Segment Open

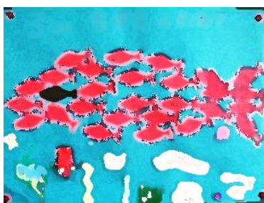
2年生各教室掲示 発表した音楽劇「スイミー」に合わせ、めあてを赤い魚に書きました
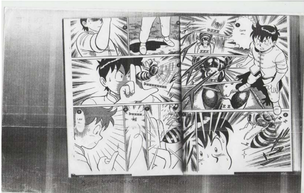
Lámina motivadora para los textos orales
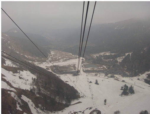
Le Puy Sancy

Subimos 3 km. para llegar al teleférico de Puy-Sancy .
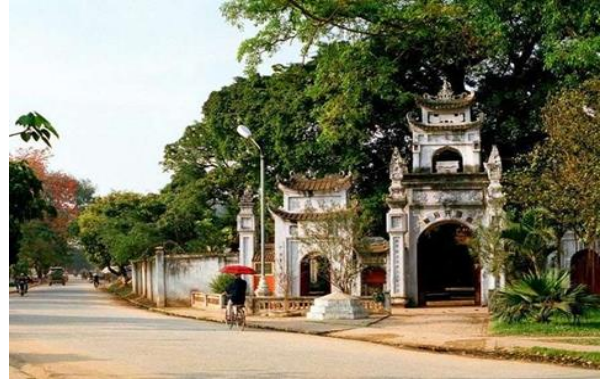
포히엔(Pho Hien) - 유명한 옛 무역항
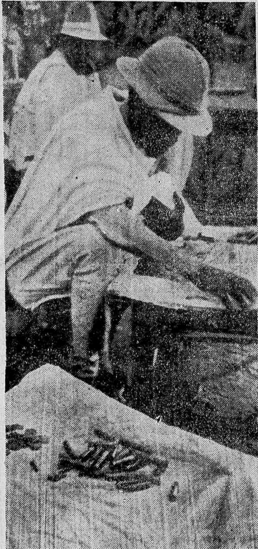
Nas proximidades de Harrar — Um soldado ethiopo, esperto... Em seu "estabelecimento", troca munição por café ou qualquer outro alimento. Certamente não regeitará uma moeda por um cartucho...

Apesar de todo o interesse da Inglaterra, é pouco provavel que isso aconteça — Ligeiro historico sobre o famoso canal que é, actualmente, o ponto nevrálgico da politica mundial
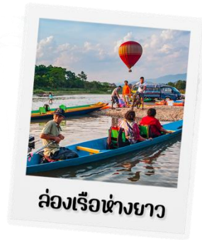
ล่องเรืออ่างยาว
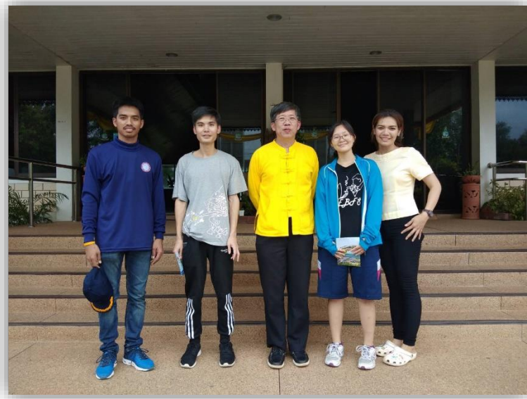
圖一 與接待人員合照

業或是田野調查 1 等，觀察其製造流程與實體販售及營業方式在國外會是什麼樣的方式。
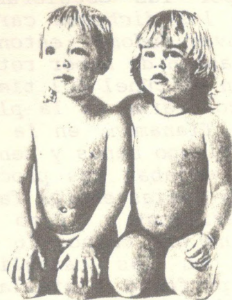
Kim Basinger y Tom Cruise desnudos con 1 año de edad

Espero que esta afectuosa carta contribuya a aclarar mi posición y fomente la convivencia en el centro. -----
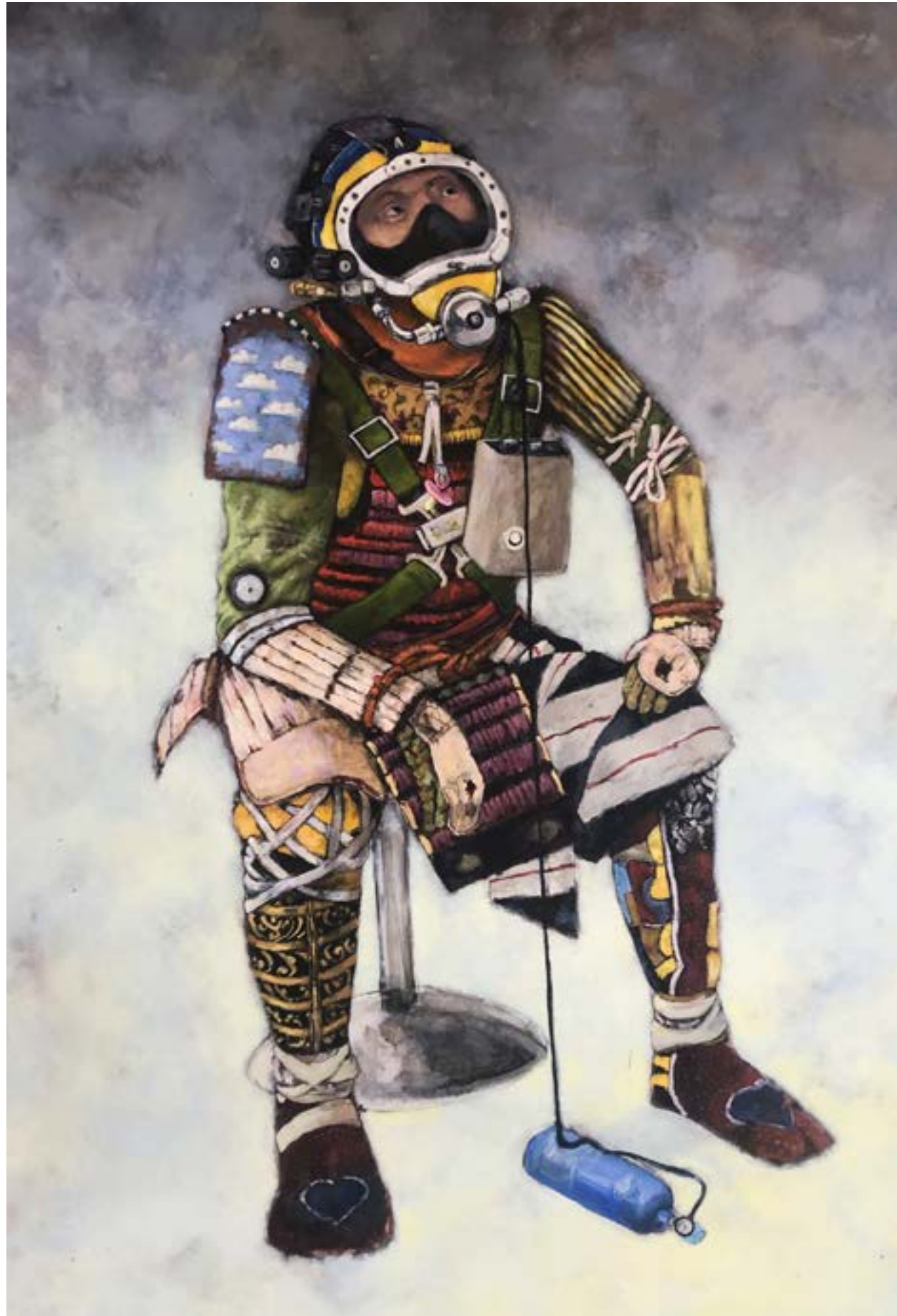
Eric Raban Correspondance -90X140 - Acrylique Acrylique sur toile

Segment Closed

THE TASK
Exactly the lines from the one with "Espero que esta" through the end of the records should be written out, and only those. Pictures do not belong in the copy.

TASK RESPONSE
Espero que esta afectuosa carta contribuya a aclarar mi posición y fomente la convivencia en el centro. -----
Eric Raban Correspondance -90X140 - Acrylique Acrylique sur toile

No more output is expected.